The best forms of apocalypse entertainment are those that are religious in some (possibly tangential) way
And honest to Godiva, it is just so wrong to put a major Christian/religious slant in a blurb about Robert J. Sawyer’s Flashforward. Okay, so yeah, there’s a wealthy Christian financier in the book (AT THE END), and he funds the immortality project. But really? When I read the book, I was not thinking about how awesomely religious it was.
Okay, so I wasn’t thinking about religion at all. I was thinking about what a great book it was. But maybe that’s just me.
The ICoS survival group could kick their survival group’s ass
If our group ran into this group into the nuclear wasteland Earth will become (possibly on December 22, 2012), we’d be kicking ass and taking names. Because this is who they suggest you have in your survival group:
- A Rambo-type: because he can do ANYTHING. (Okay, so, yeah, having a Les Stroud in the group might come in handy, but the guy’s so used to looking out for himself, what makes you think he’d be a good team player?)
- A storyteller: to entertain you during those long, lonely, dreary days and nights. (What? WHAT? You and your group are scrambling to survive, and you want to use up valuable resources on someone whose only talent is telling stories by the campfire? REALLY?)
- A gardener: to grow food. (Okay, so one of these guys would be helpful. Assuming the world’s still able to grow crops and all.)
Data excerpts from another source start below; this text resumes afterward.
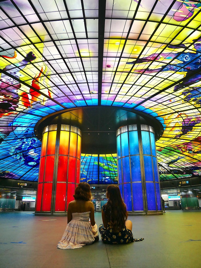 美麗島站の駅内はカラフルなライトアップがされており、大迫力なので写真を撮るのにおすすめ。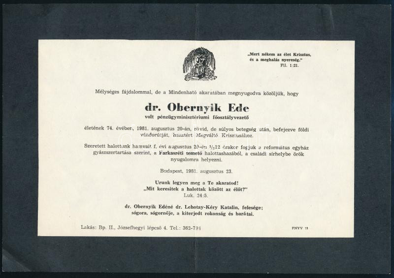 Leírás: 1981 Bp., Dr. Obernyik Ede volt pénzügyminisztériumi főosztályvezető halotti értesítője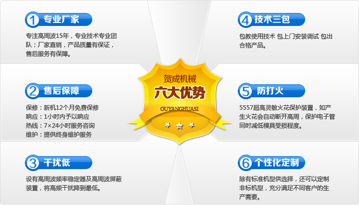 賀成機械專業(yè)生產(chǎn)高周波設(shè)備、精制高周波模具、供應(yīng)高周波配件和耗材、提供高周波維修、高周波加工及高周波出租服務(wù)。專注高周波15年,為廣大高周波用戶提供一站式采購、服務(wù)平臺。

- A spiritual advisor: to mediate disputes, and to put himself last and make decisions for the good of the group. (I’d like to think there’ll be people in the post-apocalypse who will be capable of saving the many instead of the one. And seriously? If I’m finding people for my survival group, I would most definitely not be looking for a spiritual advisor. I’d be looking for the guy who can help KEEP ME ALIVE. You know, by finding supplies and killing bad guys. Saving my soul will not help keep me alive.)
- A homeopath: to act as a healer. (Yeah, this guy’s important. We’ve talked about this before.)
- An Amish dude: to act as a consultant for life without modern conveniences. (Wow. Seriously?)
- An insomniac: to work longer hours than the rest of the group. (What?! You want to give the sleep-deprived one nighttime guard duty and extra chores? Sure, okay. And when the insomniac goes nuts from being completely sleep deprived, you will be the first to die.)
While I don’t think we’ve ever truly specified who we’d want in our group, we’ve told you who you’ll probably meet in the post apocalypse and who you really should avoid. We’ve also talked about people who could possibly get you killed.
And unless that storyteller is also a handyman ex-soldier, he/she just might get me killed. I’m just saying.
So there you have it. A magazine about the world ending in 2012.
I found some EPIC apocalypse-related books in the Kindle Owners’ Lending Library. Why yes, Virgina, I WILL be reading them. And then I will write about them.